======== Records to use
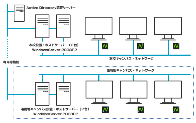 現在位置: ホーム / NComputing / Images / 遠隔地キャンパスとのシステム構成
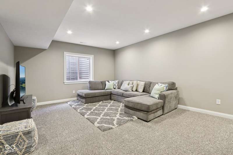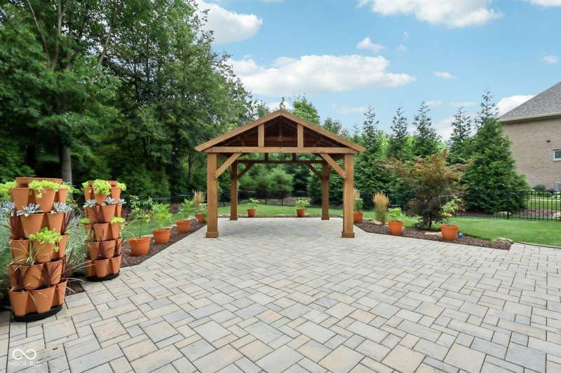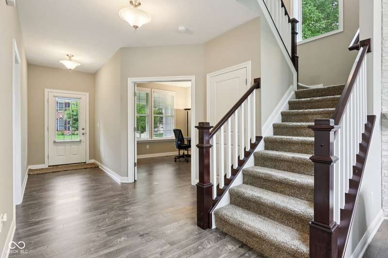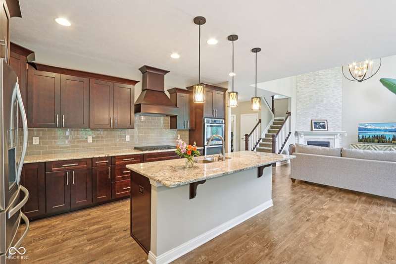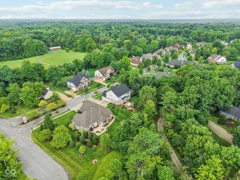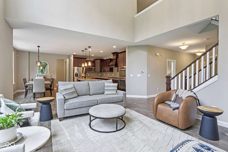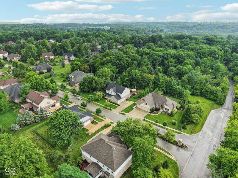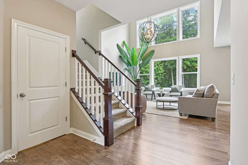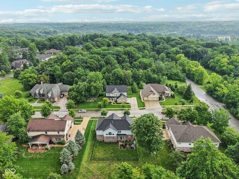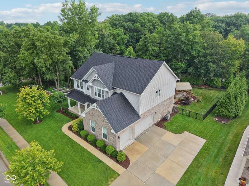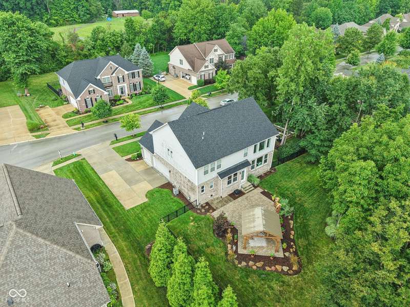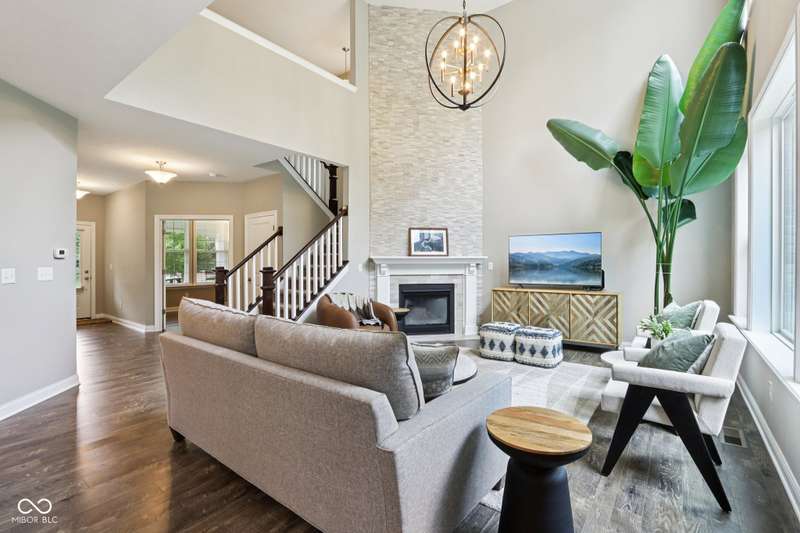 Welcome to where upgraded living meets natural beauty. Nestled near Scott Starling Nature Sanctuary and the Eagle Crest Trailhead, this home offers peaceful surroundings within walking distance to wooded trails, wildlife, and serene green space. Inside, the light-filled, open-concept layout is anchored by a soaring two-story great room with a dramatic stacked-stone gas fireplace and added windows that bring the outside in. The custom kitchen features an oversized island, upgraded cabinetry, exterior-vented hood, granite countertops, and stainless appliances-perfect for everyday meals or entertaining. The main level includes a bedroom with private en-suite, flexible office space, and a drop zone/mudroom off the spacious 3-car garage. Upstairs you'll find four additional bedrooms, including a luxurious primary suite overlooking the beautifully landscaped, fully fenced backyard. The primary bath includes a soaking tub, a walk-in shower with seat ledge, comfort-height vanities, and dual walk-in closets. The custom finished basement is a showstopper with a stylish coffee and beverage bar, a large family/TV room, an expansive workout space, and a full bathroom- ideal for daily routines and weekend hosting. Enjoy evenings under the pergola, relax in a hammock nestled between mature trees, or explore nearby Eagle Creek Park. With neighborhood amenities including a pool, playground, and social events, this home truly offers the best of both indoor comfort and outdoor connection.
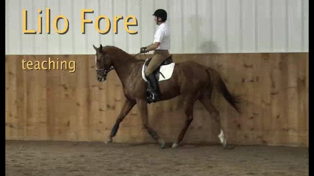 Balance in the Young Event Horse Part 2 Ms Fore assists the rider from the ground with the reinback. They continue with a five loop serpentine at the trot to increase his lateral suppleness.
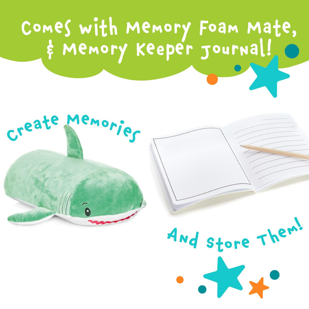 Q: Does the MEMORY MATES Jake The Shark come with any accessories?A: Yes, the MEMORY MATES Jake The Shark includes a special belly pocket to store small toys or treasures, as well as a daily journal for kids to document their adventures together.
================
======== Records to use
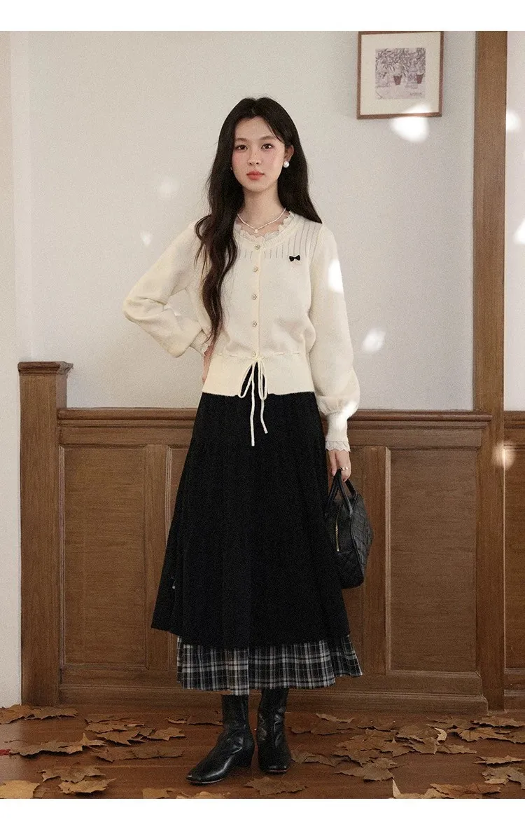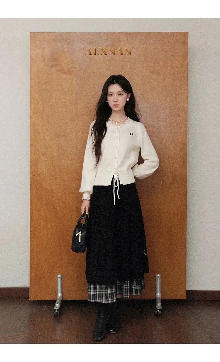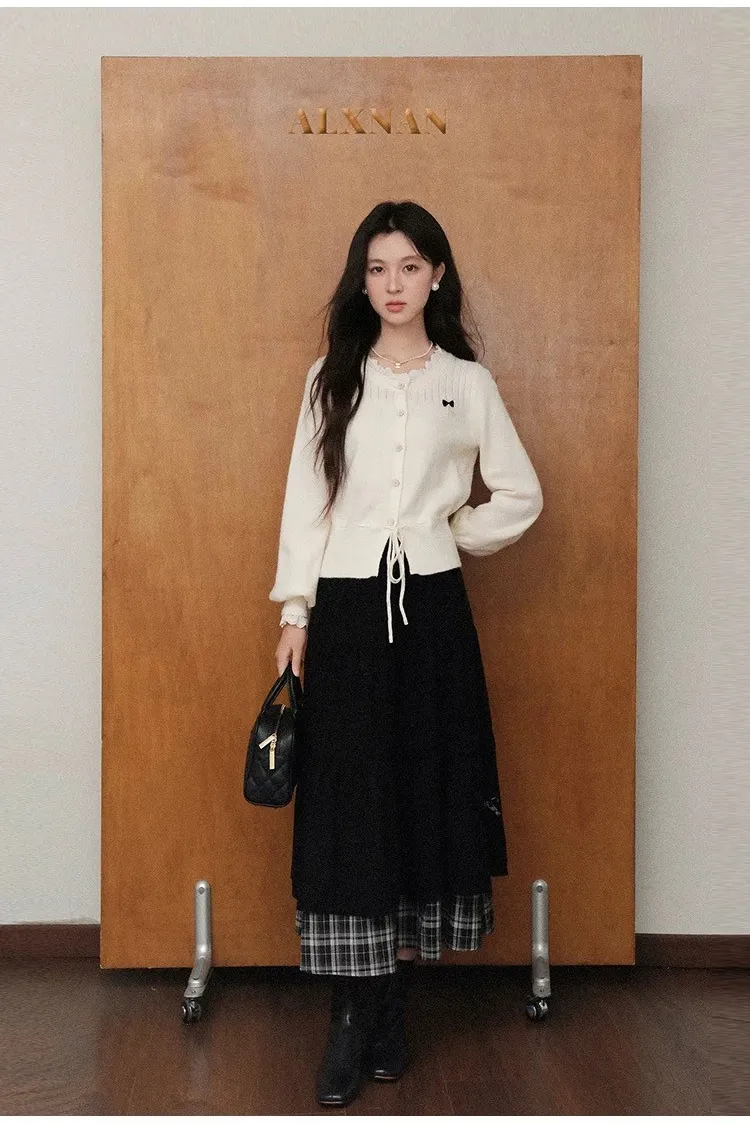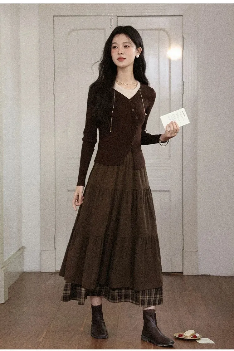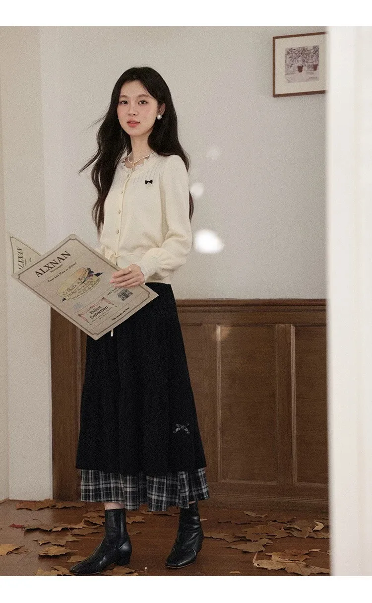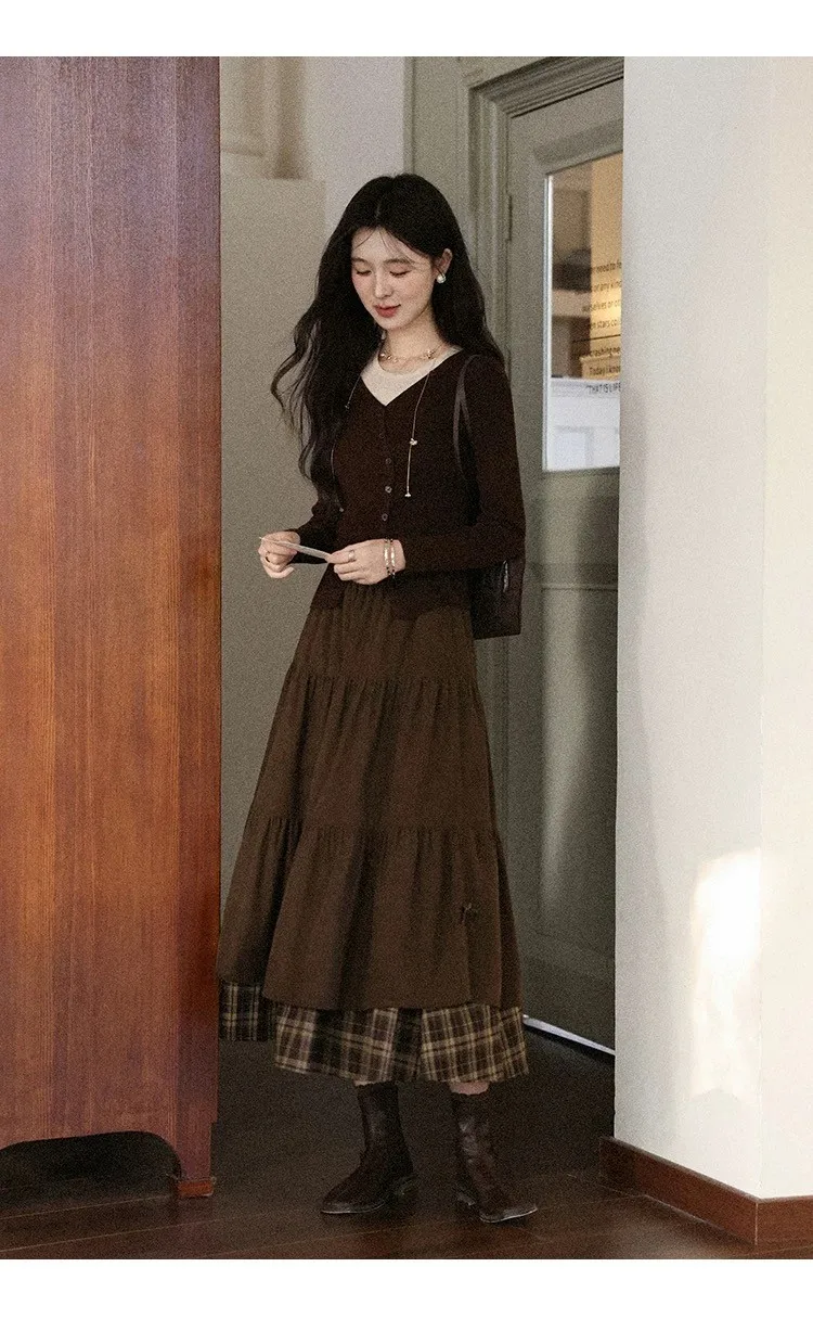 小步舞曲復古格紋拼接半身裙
================
======== Records to use
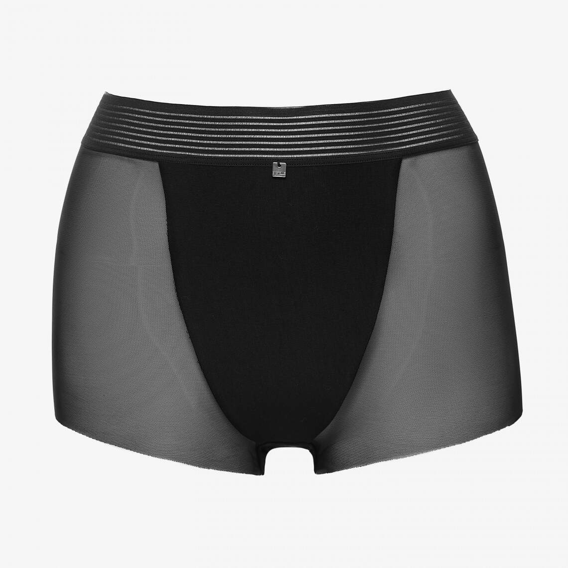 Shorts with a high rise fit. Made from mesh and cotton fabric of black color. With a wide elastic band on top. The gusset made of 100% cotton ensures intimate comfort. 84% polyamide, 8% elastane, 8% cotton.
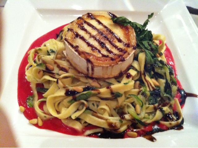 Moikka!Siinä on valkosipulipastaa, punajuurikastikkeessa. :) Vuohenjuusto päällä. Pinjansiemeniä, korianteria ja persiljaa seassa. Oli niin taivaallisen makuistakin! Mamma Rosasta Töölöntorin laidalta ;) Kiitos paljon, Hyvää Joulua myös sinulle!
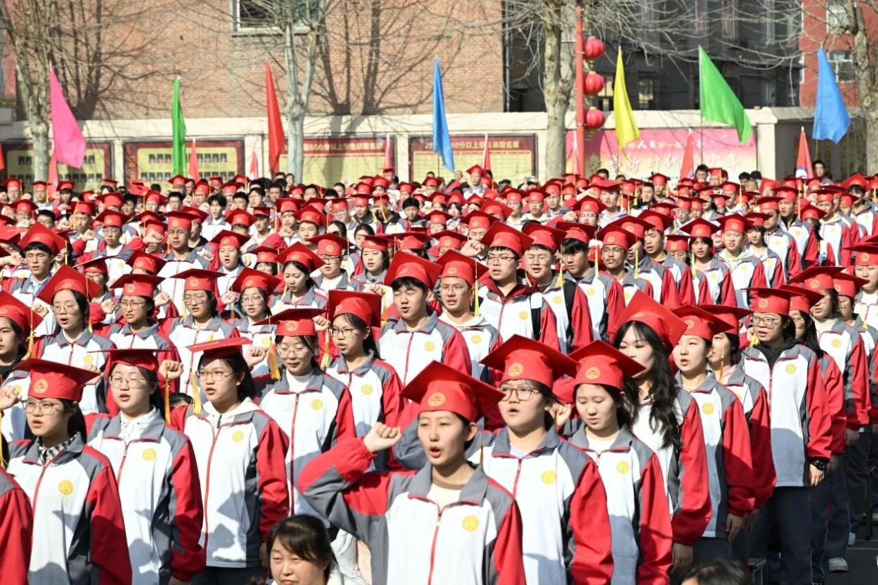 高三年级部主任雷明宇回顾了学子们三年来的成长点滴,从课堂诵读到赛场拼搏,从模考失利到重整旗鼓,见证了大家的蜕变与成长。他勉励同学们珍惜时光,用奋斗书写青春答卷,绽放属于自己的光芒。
================
■ **Instructions for the task**
Keep to the lines above from the line with "Shorts with a" to the line with "高三年级部主任雷明宇回顾了学", and set down exactly those, inclusive, with nothing else and every picture left out.

■ **Response to this task**
 Shorts with a high rise fit. Made from mesh and cotton fabric of black color. With a wide elastic band on top. The gusset made of 100% cotton ensures intimate comfort. 84% polyamide, 8% elastane, 8% cotton.
 Moikka!Siinä on valkosipulipastaa, punajuurikastikkeessa. :) Vuohenjuusto päällä. Pinjansiemeniä, korianteria ja persiljaa seassa. Oli niin taivaallisen makuistakin! Mamma Rosasta Töölöntorin laidalta ;) Kiitos paljon, Hyvää Joulua myös sinulle!
 高三年级部主任雷明宇回顾了学子们三年来的成长点滴,从课堂诵读到赛场拼搏,从模考失利到重整旗鼓,见证了大家的蜕变与成长。他勉励同学们珍惜时光,用奋斗书写青春答卷,绽放属于自己的光芒。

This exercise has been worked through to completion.